Aklın ve bilimin her şeyi açıklaması mümkünmüş gibi bir anlayış hakim olduğunda bazı yeni buluşlar şaşırtıcı sonuçlara neden olabiliyor ve doğru bildiğimiz bir çok şeyin doğru olmadığı ortaya çıkabiliyor. Küçük bir örnek vermek gerekirse anne sütünde demir eksikliği var diyerek annelerin bebekleri çok kısa süre emzirmesine neden olan ve bu nedenle bağışıklığın yetersiz gelişmesine neden olan bilim, uzun yıllar sonra demir ihtiyacının ilk 2 yıl yetecek kadar bebeğe zaten yüklendiğini keşfedince tekrar anne sütüne mümkünse 2 yıl boyunca devam edilmesini savunmaya başladı.

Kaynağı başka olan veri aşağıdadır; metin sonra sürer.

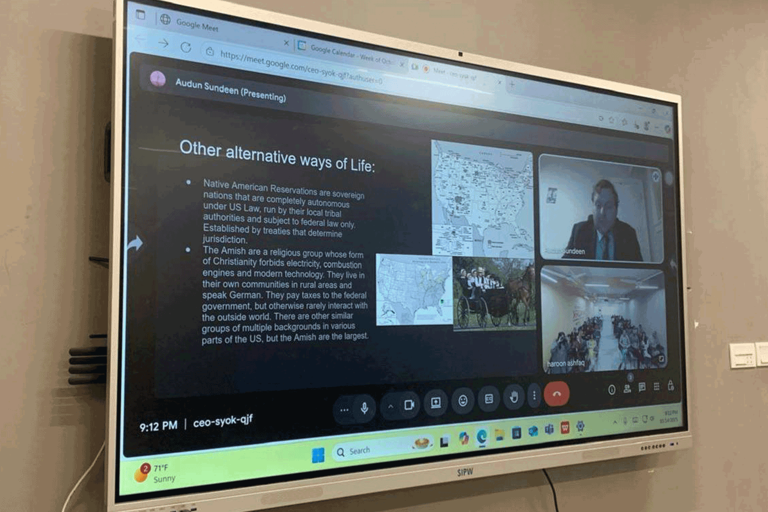 The Department of International Relations at TUF, under the leadership of Prof Dr M Ashfaq, Dean, Faculty of Management Studies, organized an insightful webinar on “Urban vs. Rural Divides: Societal Stratification, Cultural Shifts, and Their Influence on American Economic and Foreign Policy.” The session featured Mr Audun Sundeen, an international expert from USA who shared valuable perspectives on the deep-rooted social, cultural, and economic divisions shaping modern America. He highlighted how these internal dynamics influence the country’s domestic priorities and global policy decisions.
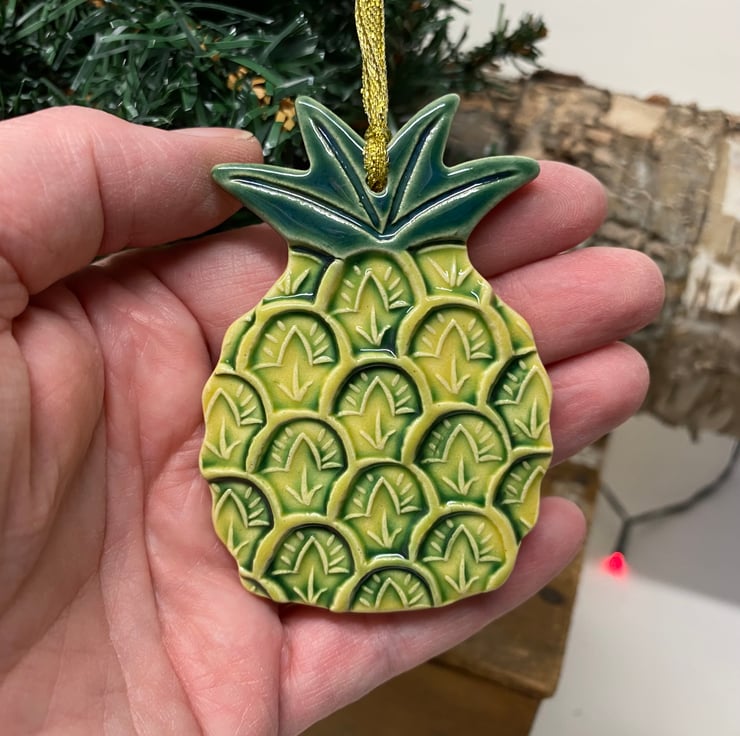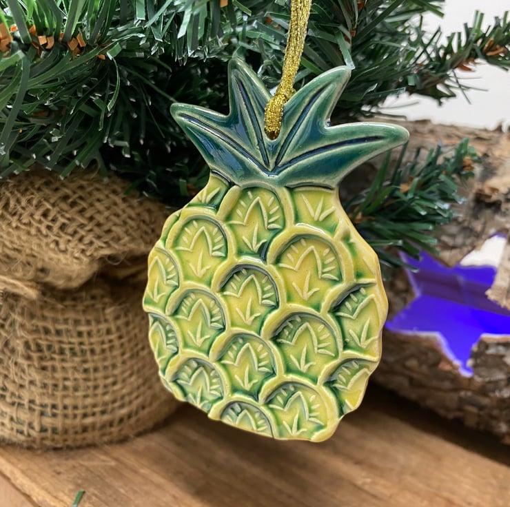 This little pineapple has been cut from white earthenware clay, decorated with a teeny little stamped design that I made myself and then fired. It has then been glazed with a lovely yellow and green glossy glaze and fired again to 1100 degrees. It hangs from a gold ribbon. 7.5cm high x 5.5 cm wide
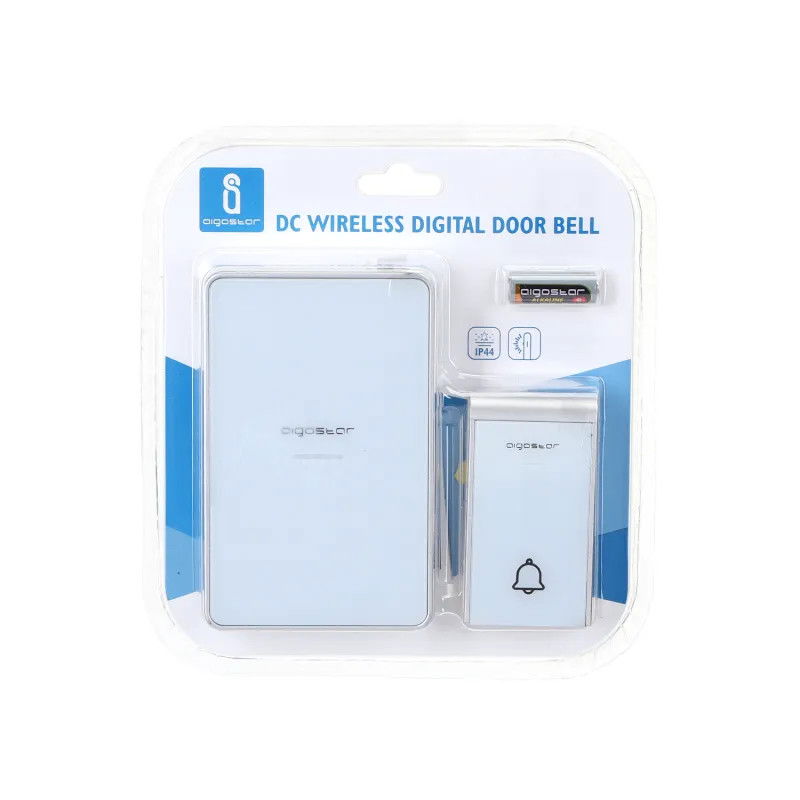Bezprzewodowy dzwonek do drzwi na prąd stały biały i srebrny

Akıl ve bilim elbette ki çok önemli ve çok gerekli olmakla birlikte evreni, dünyayı ve insanı açıklamakta yetersiz kalmaktadır. Bunu da yine en iyi bilim ile ve bilim insanları ile açıklayabiliriz.

Örneğimizi en ünlü bilim insanlarından biri olan Edison ile verelim. Çünkü Edison’un aklı şaşkına çeviren bir hayat hikayesi var. Öyle bir hikaye ki, mantıklı düşündüğünüzde meydana gelmesi mümkün olmayan olayların ve başarıların yer aldığı bir hikaye bu. Her şeyden önce eğitimsiz, yoksul ve yalnız bir çocuk Edison. Okuma çağına gelince gittiği okulda uyum sağlayamıyor ve üç ay sonra okuldan ayrılıyor. Daha sonra da hiçbir yerden ve kişiden eğitim almıyor. Annesinin yardımı ile evde devam ediyor öğrenme çabalarına. Daha dokuz yaşında iken okuduğu bir fizik kitabının etkisi ile evin bodrumunda bir laboratuvar kurmaya başlıyor.

Bu yaşta bir çocuğun bir fizik kitabından etkilenerek böyle bir şeye kalkması akla Cemil Meriç’in şu sözünü getiriyor:

“Akıl kör adamın elindeki asaya; İlham gözü gören adamın elindeki meşaleye benzer.”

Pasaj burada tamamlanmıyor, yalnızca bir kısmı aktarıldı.